But New Mexico? Well, how about the chile pepper?

These green or red spicy vegetables are used in almost every meal in the region's most famous dishes, and the pepper has become one of the most important crops to the southwestern state.

Red or green is a question New Mexicans answer every day at breakfast, lunch or dinner.

— N.M. Gov. Susana Martinez on the New Mexico chile pepper

Now to protect this valuable cash crop from impostors, the state announced its own trademark and certification program to protect the reputation and integrity of the pepper.

Gov. Susana Martinez, members of the New Mexico Chile Association and other public officials unveiled the new program on Tuesday at Bernalillo’s Range Café, the first restaurant to sign up for the pepper program.

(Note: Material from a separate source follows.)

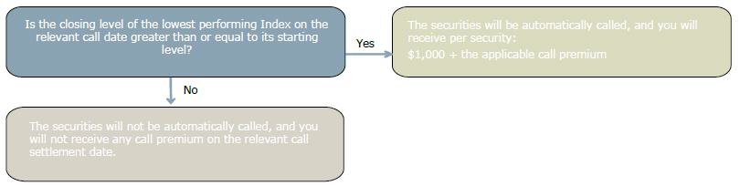 If the closing level of the lowest performing Index on any call date is greater than or equal to its starting level, the securities will be automatically called, and on the related call settlement date you will be entitled to receive a cash payment per security in U.S. dollars equal to the principal amount plus the call premium applicable to the relevant call date. Any positive return on the securities will be limited to the applicable call premium, even if the closing level of the lowest performing Index on the applicable call date significantly exceeds its starting level. You will not participate in any appreciation of any Index. If the securities are automatically called, they will cease to be outstanding on the related call settlement date and you will have no further rights under the securities after that call settlement date. You will not receive any notice from us if the securities are automatically called. |

“Red or green is a question New Mexicans answer every day at breakfast, lunch or dinner,” Martinez told reporters gathered at the café. “Chile is a way of life in our state, ingrained in our culture and our economy. It supports more than 4,000 jobs and contributes more than $400 million every year to New Mexico’s economy.”

The program builds on legislation passed in 2011 that made it illegal to advertise chiles as being New Mexico peppers unless they were actually grown in the state and follows similar moves across the U.S. such as those taken for Vidalia Onions in Georgia and the "100% Pure Florida" orange certification program that support signature state and regional crops.

The certification also comes at a time when the chile pepper crop is rebounding following an extra-wet rainy season.

"Every time it rained, we needed the water, and it hasn’t hurt us," Glen Duggins, a chile farmer from the state told local media. "The chile is just beautiful – the mild, the hot, the extra hot – looks like a bumper crop.”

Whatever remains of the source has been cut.